Italy-based Intesa Sanpaolo SpA, however, leapfrogged the greatest number of banks on the latest ranking, rising to No. 27 from No. 35, bolstered in part by its pending acquisition of Unione di Banche Italiane SpA. Conversely, Germany-based Commerzbank AG slipped six spots to No. 62, with $478.40 billion in assets, after adjusting for its pending sale of mBank SA.
U.K.-based HSBC Holdings PLC overtook U.S.-based JPMorgan Chase & Co. in this year's ranking to become the No. 6 biggest bank after posting a 6.14% increase in assets at the end of 2019, hitting $2.715 trillion.

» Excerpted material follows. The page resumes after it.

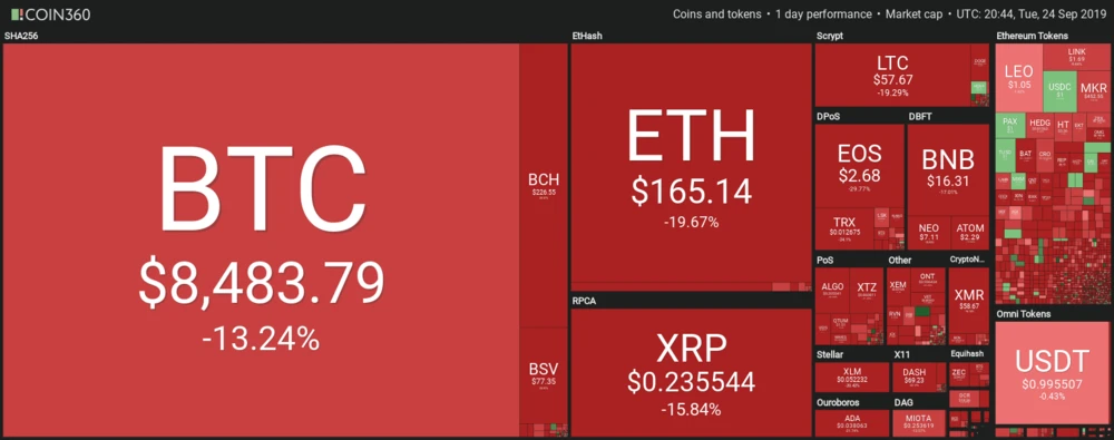 Neben dem Bitcoin geht es allerdings auch für die meisten Altcoins steil bergab. Unter den Top-Coins nach Marktkapitalisierung erwischt es EOS und Bitcoin SV mit Verlusten von rund 30 Prozent besonders hart. Lediglich einige Stable Coins wie Tether oder USD Coin profitieren und legen moderat zu.

But while JPMorgan Chase slipped one spot to No. 7, it continues to be the largest bank in the United States. The banking giant would have ranked two spots higher, at No. 5, had it reported in IFRS instead of U.S. GAAP. Under IFRS, the gross value of derivatives are reported while U.S. GAAP requires the net value to be reflected.
This year's ranking also includes three new entrants, including Raiffeisen Gruppe Switzerland which landed on the No. 99 spot with $256.43 billion, and Qatar National Bank (QPSC) which landed on No. 96 with assets of $259.48 billion. With assets of $473.08 billion for the No. 63 spot, this year also marks the first appearance for Truist Financial Corp., the entity created from the 2019 merger of BB&T Corp. and SunTrust Banks Inc. However, the pro forma assets of the combined entity were considered in the previous ranking and clocked it at No. 62 last year.
China remains to be home to the greatest number of top 100 banks, with 19 institutions collectively holding assets worth $25.814 trillion. The U.S. followed next with 11 institutions holding combined assets of $13.039 trillion.